Mark with a frowny face

Life is Uniquely Good (Sometimes We Need Reminding)

Hey all,

As most of you know, I’ve been sending out periodic emails to students and former students over the past couple of years*, starting from when the pandemic first hit, trying to take an open approach to you all since, honestly, I didn’t trust others to do the same. I felt like you deserved to be informed about the virus and UW’s response to it, but then that sort of morphed into thoughts I’ve been having about how to best support you all, to give words of encouragement, to give advice about how to be good, and to generally try to uplift.

After more than two years, I do find myself starting to run out of things to write about. Usually, at the start of a new quarter, though, I want to catch new-to-me students up with these emails so I suppose this email serves that purpose. So, yeah, new-to-me students, an archive of previous posts can be found on my website.

Things are great, things are good, things are sad, things are melancholy, things are listless, things are… things are absurd, things are everything everywhere all at once.

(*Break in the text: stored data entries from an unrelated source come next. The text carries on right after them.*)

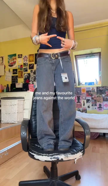 PRINTED PINSTRIPE JEANS
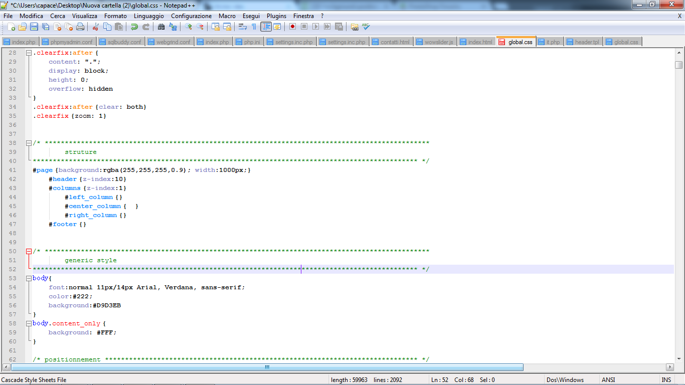 capace19 Posted March 3, 2013 Share Posted March 3, 2013 salve, vorrei impostare uno sfondo bianco trasparente per, ed uno colore di sfondo per tutta la pagina, su global.css alla riga 41 ho impostato #page {background:rgba(255,255,255,0.9); width:1000px;} e poi il colore di sfondo alla riga 56. vorrei che il colore trasparente avesse una piccola eccedenza da entrambi i lati rispetto alla colonna centrale, invece come si vede in figura, mi viene allineato a sinistra. mi potete aiutare a centrarlo? grazie luca Link to comment Share on other sites More sharing options...
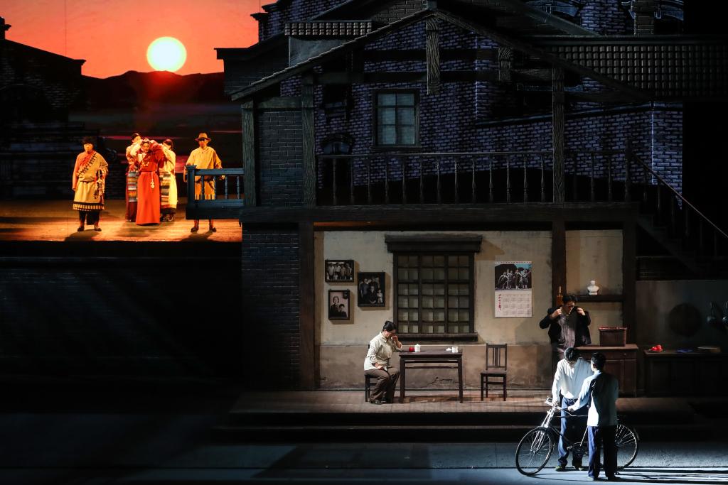 1月28日晚,在甘肅黃河劇院,甘肅省話劇院演員在話劇《青青的阿萬倉》中表演。新華社記者 郎兵兵 攝
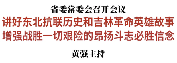会议指出,习近平总书记在中央政治局常委会会议上听取中国人民抗日战争暨世界反法西斯战争胜利80周年纪念活动总结报告时的重要讲话,阐明了纪念活动的重大意义和深远影响,对用好活动成果提出明确要求,要深刻学习领悟、不折不扣落实。今年以来,我们成功圆满举办了迎接“杨靖宇支队”战旗仪式、空军航空开放活动和长春航空展等一系列标志性纪念活动,提振了干部精气神,增强了群众自信心,取得了很好的政治效果和社会效果,对参与活动筹办的全体单位和工作人员提出表扬。下一步,要认真做好总结复盘,慎终如始办好后续活动,继续挖掘利用我省红色资源,突出讲好东北抗联历史和吉林革命英雄故事,教育引导干部群众铸就坚如磐石的理想、信念、信仰,增强战胜一切艰险的昂扬斗志、必胜信念,奋力推动吉林全面振兴和高质量发展。
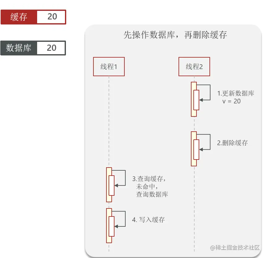 可以看到,先操作数据库再删除缓存出现数据不一致的可能性还存在
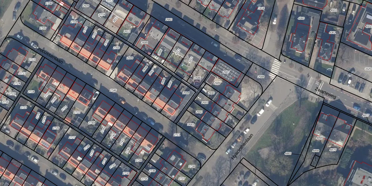 Gebruik de zoekbalk of klik op een perceel om informatie over het perceel te bekijken.

But here’s another thing: I reread this amazing post from The Marginalian (formerly Brain Pickings) about life through the eyes of Burroughs among others. It’s an amazing post in that it connects the thoughts of a whole bunch of philosophers, scientists, artists, etc. into one train of thought: that life is uniquely good… all of it: the ups and downs… and the totality and that it’s within this best possible universe is what makes it uniquely good.

If there’s only one post you read this year in your search for what to make of life, make it this one: Cosmic Consolation for Human Hardship: The Great Naturalist John Burroughs on How to Live with Life

And revisit it every once in a while, since there’s a lot to unpack and tendrils to follow and contemplate.

Seriously, if I could, I would just assign this one reading for my courses. It’s more important than anything my syllabi cover.

love,

mark

*If you want to be taken off this email list, lmk. If you want to stay on but are losing your UW email soon due to graduation, lmk a diff one to use for you. And, I guess, if you know someone else who should be in on these emails even though they might not’ve been a student of mine, lmk.